Junior Leaders course crest

Cadets over the age of 17 and of the rank of at least Cadet Corporal can complete a leadership course called Junior Leaders, abbreviated simply to, 'JL'. This course requires over a hundred hours of planning and a high degree of physical fitness. Upon completion, the cadet is awarded a maroon lanyard (which replaces the yellow Instructor Cadet lanyard on the cadet's uniform) and a green and wedgwood blue DZ Flash for wearing on the DPM or MTP uniform as well as qualifying for the ILM level 3 diploma in Team Leading.

The course culminates in the award of a Level 3 Certificate in Leadership & Management from the Institute of Leadership and Management. Some JL's once completing the course, come back to the following year's Course as a Qualified Junior Leader, (QJL).

The course is also open to Sea Cadets and Army Cadets.

==== Structure ====

Junior leaders flash

This course is run in three phases and split into 8 separate training weekends and a 10-day test phase.

Phase one covers the core skills of management, life skills, armed forces knowledge, L85 weapon handling, interview skills, social skills, public speaking, project management, elementary infantry tactics, Fitness, and teamwork. At the end of Phase One, they are tested on their knowledge on air power which they will have to study for before hand. They will also have to complete a presentation on a pre-chosen topic and pass an L85 weapons handling test, and remain physically fit throughout the whole course.

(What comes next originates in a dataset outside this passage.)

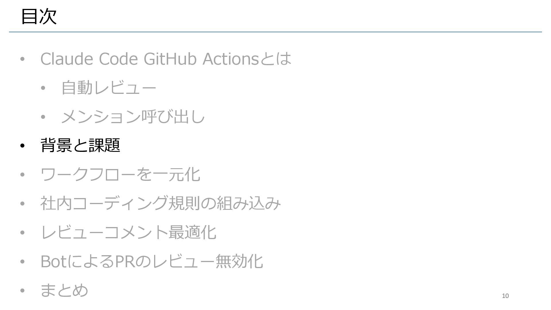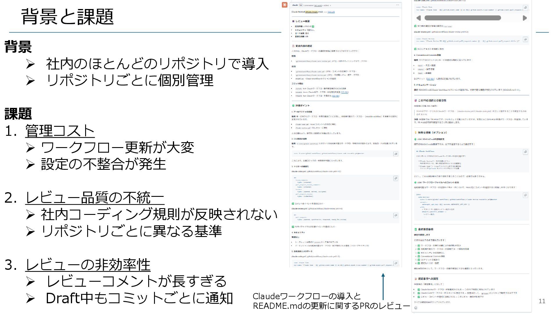 • 背景と課題 • ワークフローを一元化 • 社内コーディング規則の組み込み • レビューコメント最適化 • BotによるPRのレビュー無効化 • まとめ 10

Phase two is where cadets develop their tactics and leadership development (TLD). During this phase Cadets have to be able to use their skills in real life fieldcraft scenarios and receive coaching by members of the Regular and Reserve Forces. The emphasis is on leadership under high pressure, within the context of combat scenarios. By the end of Phase Two, they must have also submitted the workbook for the ILM Level 3 diploma.

Phase three consists of 10 days at a graduation camp (eight days completing a field exercise, followed by a day of R&R and then a day of awards with a graduation dinner). All participants have to have a twelve-hour period to lead a section. It is during these days that the skills and knowledge gained by the cadet over the previous months is put to the test.

Finally by the end of Phase Three, they must have raised at least £250 for the John Thornton Young Achievers Foundation (JTYAF).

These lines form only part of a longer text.